* Given material:

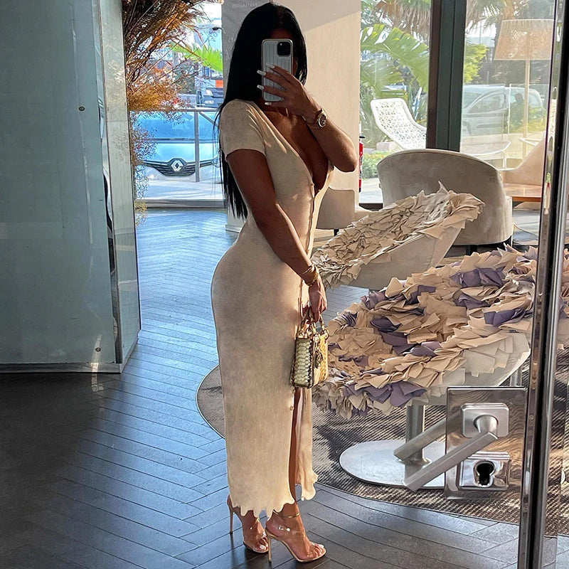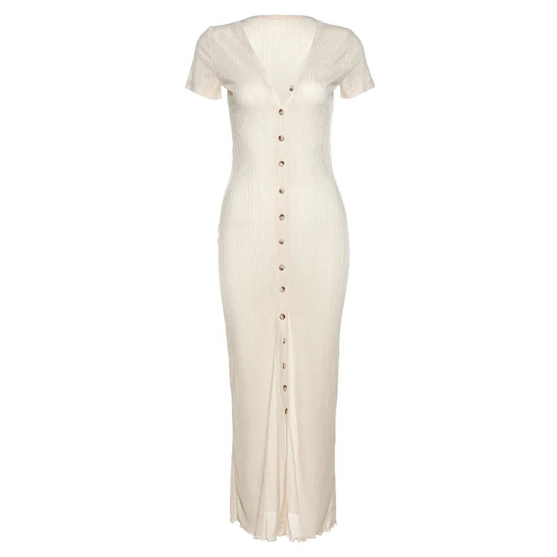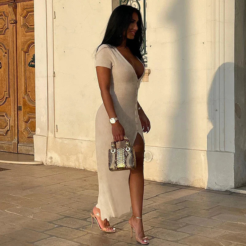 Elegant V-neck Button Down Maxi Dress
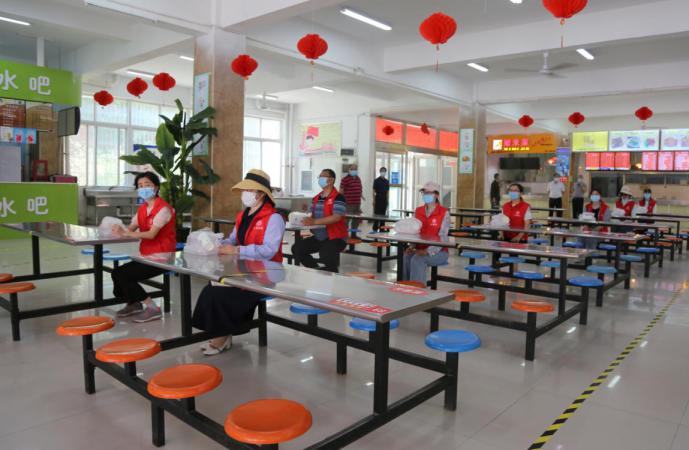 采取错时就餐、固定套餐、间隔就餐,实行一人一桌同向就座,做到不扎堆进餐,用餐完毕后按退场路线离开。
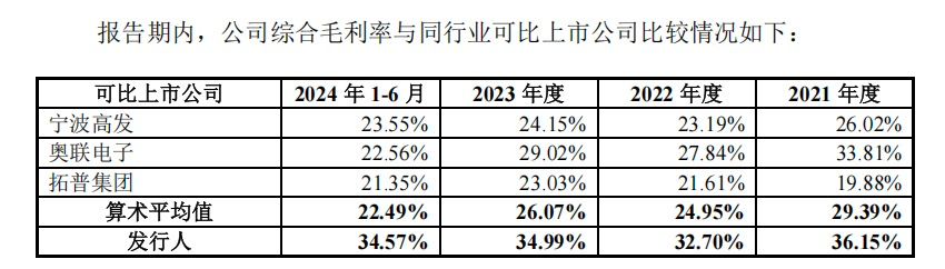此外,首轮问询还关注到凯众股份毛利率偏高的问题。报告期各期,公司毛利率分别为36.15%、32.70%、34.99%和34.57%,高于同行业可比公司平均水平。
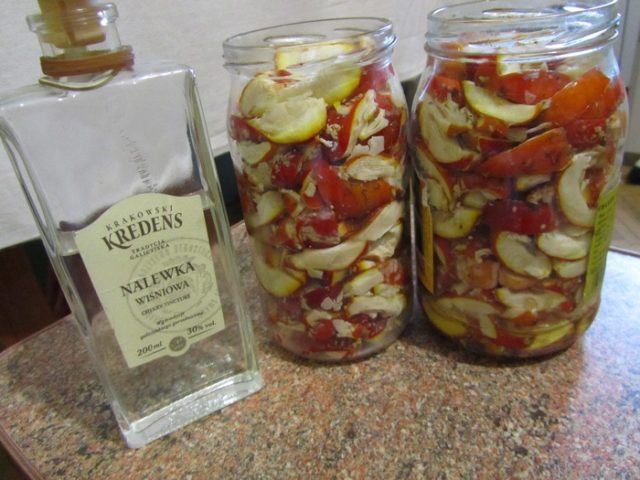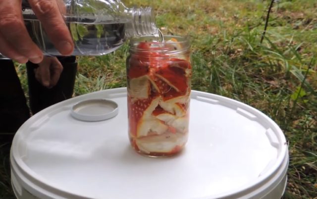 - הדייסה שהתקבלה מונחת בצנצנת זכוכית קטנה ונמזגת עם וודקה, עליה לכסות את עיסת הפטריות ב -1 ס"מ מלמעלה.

* Task directions: Recopy the full listing exactly, passing over any picture.

* Result:
 Elegant V-neck Button Down Maxi Dress
 采取错时就餐、固定套餐、间隔就餐,实行一人一桌同向就座,做到不扎堆进餐,用餐完毕后按退场路线离开。
此外,首轮问询还关注到凯众股份毛利率偏高的问题。报告期各期,公司毛利率分别为36.15%、32.70%、34.99%和34.57%,高于同行业可比公司平均水平。
 - הדייסה שהתקבלה מונחת בצנצנת זכוכית קטנה ונמזגת עם וודקה, עליה לכסות את עיסת הפטריות ב -1 ס"מ מלמעלה.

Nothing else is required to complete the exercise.